Architects who approve the design of the High Court point to the glass as a symbol of transparency, openness and accountability. It lets those inside see out as well as those outside see in. The ramp and forecourt are seen as workable public spaces allowing for public circulation.
The Architect’s Statement (published in the July, 1980, edition of Architecture Australia, the journal of the Royal Australia Institute of Architects) says, “The public hall is conceived as a semi-external space. . . . The external views from the various galleries, platforms and ramps in the space where spectators will gather allow the exceptional views of Canberra to be enjoyed. The extensive areas of glass on the west of the public hall have shade louvres giving protection from the sun whilst maintaining the ‘outlook’ referred to above and providing desirable shade and comfort . . . . This ‘tree-shading’ concept intensifies the semi-external concept of the Public Hall where the radiance of form and light on the louvres reflects the mood of the day. . . .”
Madigan himself wrote in 1973, “One can enter the building and see its structure, services and functions exposed. It immediately ‘includes’ the visitor in the way it works.”

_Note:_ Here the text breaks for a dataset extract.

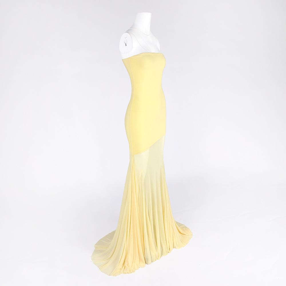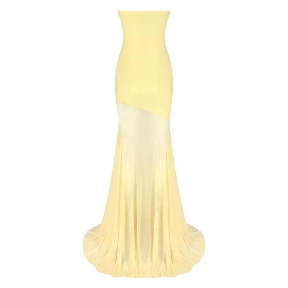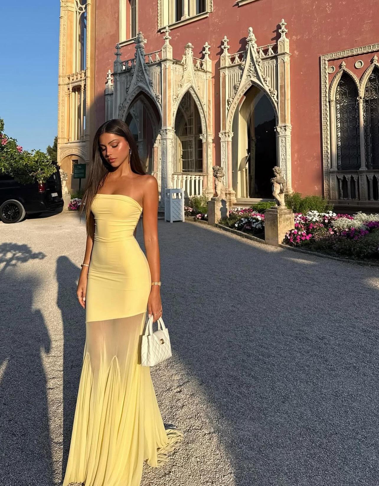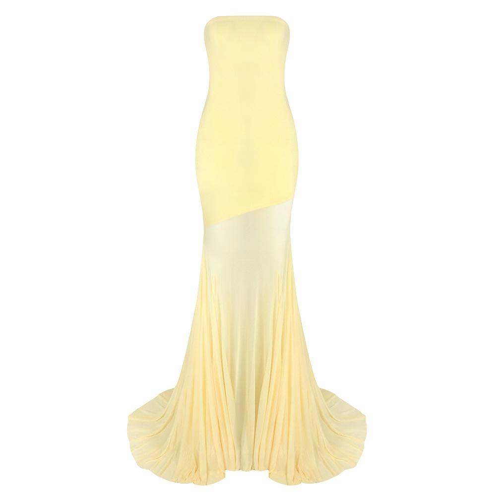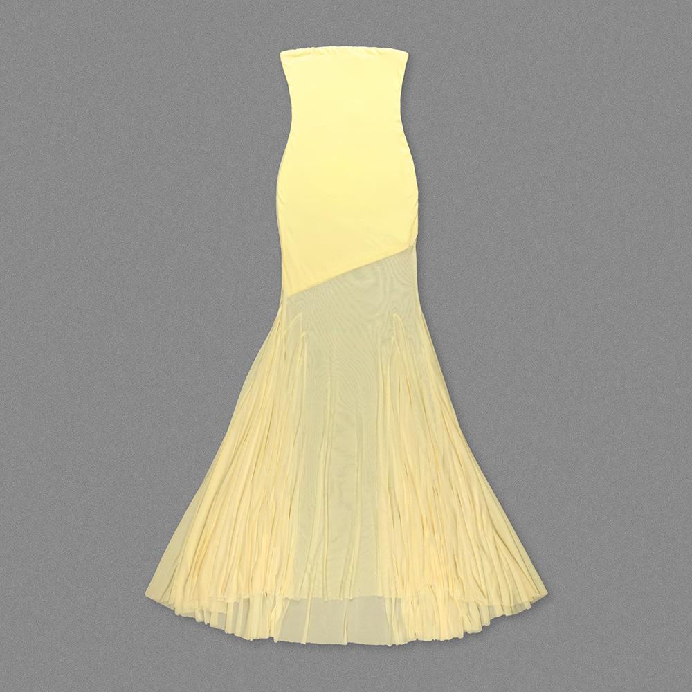 Vestido strapless de retazos de malla de seda de hielo amarillo claro de nuevo estilo suave europeo y americano para mujer, falda grande, ajuste ceñido, vestido con drapeado en la cadera

Since the court’s opening, it has had many occasions on which to meet the test of openness and accessibility. The court has dealt with cases that have excited enough public or sectional interest to draw large numbers to the court building. They include the Tasmanian Dam case in July 1983; the Lindy Chamberlain hearings and judgment in May 1983 (bail application), November 1983 (hearing) and May 1984 (judgment); the indigenous people’s land rights cases Mabo in June 1992 and Wik in 1996; the Patrick Stevedores case on the legality of sacking wharf labourers in 1998; the Osland (battered wife) murder case also in 1998; and the McBain case in 2002 regarding in-vitro fertilisation treatment for unmarried women. In these cases, and others, the forecourt of the High Court building became a workable forum for litigants and their supporters to express their views publicly – often before large media contingents. Inside the building the spacious courtrooms enabled large numbers of the interested public to view and hear proceedings.